Copy the data below in full, exactly as it appears.

Start of Block

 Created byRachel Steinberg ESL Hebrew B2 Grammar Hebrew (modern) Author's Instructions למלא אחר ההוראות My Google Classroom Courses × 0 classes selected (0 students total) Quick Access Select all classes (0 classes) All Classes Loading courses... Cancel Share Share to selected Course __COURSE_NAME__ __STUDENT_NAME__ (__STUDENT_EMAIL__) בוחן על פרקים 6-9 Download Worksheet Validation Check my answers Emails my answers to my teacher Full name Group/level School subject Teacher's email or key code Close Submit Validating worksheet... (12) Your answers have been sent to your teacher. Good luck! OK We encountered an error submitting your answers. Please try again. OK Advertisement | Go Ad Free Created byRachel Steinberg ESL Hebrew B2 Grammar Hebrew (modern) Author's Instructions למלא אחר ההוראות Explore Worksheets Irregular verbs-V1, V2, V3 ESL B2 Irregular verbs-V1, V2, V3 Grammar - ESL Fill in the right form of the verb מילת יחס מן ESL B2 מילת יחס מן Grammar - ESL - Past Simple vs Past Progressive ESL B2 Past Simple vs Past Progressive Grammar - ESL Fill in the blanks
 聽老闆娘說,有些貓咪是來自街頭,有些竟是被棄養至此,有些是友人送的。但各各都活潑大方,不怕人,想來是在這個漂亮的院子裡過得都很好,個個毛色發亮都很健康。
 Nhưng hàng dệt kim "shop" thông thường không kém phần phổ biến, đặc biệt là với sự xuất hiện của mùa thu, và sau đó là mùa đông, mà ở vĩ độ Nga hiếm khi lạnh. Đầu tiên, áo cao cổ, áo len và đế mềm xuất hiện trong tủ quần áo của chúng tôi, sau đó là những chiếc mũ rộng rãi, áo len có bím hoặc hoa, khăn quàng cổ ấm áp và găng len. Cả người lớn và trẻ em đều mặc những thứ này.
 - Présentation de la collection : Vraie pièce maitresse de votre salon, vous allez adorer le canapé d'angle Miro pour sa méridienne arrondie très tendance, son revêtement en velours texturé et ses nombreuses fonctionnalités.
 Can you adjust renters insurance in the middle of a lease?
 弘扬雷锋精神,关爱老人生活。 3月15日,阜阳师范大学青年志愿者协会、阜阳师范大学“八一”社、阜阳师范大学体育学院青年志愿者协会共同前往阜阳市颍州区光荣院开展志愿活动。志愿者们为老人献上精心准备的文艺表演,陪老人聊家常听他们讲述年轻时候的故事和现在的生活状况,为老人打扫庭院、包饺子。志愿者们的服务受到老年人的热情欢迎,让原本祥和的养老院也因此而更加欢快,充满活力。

End of Block

=== Result of the exercise ===
 Created byRachel Steinberg ESL Hebrew B2 Grammar Hebrew (modern) Author's Instructions למלא אחר ההוראות My Google Classroom Courses × 0 classes selected (0 students total) Quick Access Select all classes (0 classes) All Classes Loading courses... Cancel Share Share to selected Course __COURSE_NAME__ __STUDENT_NAME__ (__STUDENT_EMAIL__) בוחן על פרקים 6-9 Download Worksheet Validation Check my answers Emails my answers to my teacher Full name Group/level School subject Teacher's email or key code Close Submit Validating worksheet... (12) Your answers have been sent to your teacher. Good luck! OK We encountered an error submitting your answers. Please try again. OK Advertisement | Go Ad Free Created byRachel Steinberg ESL Hebrew B2 Grammar Hebrew (modern) Author's Instructions למלא אחר ההוראות Explore Worksheets Irregular verbs-V1, V2, V3 ESL B2 Irregular verbs-V1, V2, V3 Grammar - ESL Fill in the right form of the verb מילת יחס מן ESL B2 מילת יחס מן Grammar - ESL - Past Simple vs Past Progressive ESL B2 Past Simple vs Past Progressive Grammar - ESL Fill in the blanks
 聽老闆娘說,有些貓咪是來自街頭,有些竟是被棄養至此,有些是友人送的。但各各都活潑大方,不怕人,想來是在這個漂亮的院子裡過得都很好,個個毛色發亮都很健康。
 Nhưng hàng dệt kim "shop" thông thường không kém phần phổ biến, đặc biệt là với sự xuất hiện của mùa thu, và sau đó là mùa đông, mà ở vĩ độ Nga hiếm khi lạnh. Đầu tiên, áo cao cổ, áo len và đế mềm xuất hiện trong tủ quần áo của chúng tôi, sau đó là những chiếc mũ rộng rãi, áo len có bím hoặc hoa, khăn quàng cổ ấm áp và găng len. Cả người lớn và trẻ em đều mặc những thứ này.
 - Présentation de la collection : Vraie pièce maitresse de votre salon, vous allez adorer le canapé d'angle Miro pour sa méridienne arrondie très tendance, son revêtement en velours texturé et ses nombreuses fonctionnalités.
 Can you adjust renters insurance in the middle of a lease?
 弘扬雷锋精神,关爱老人生活。 3月15日,阜阳师范大学青年志愿者协会、阜阳师范大学“八一”社、阜阳师范大学体育学院青年志愿者协会共同前往阜阳市颍州区光荣院开展志愿活动。志愿者们为老人献上精心准备的文艺表演,陪老人聊家常听他们讲述年轻时候的故事和现在的生活状况,为老人打扫庭院、包饺子。志愿者们的服务受到老年人的热情欢迎,让原本祥和的养老院也因此而更加欢快,充满活力。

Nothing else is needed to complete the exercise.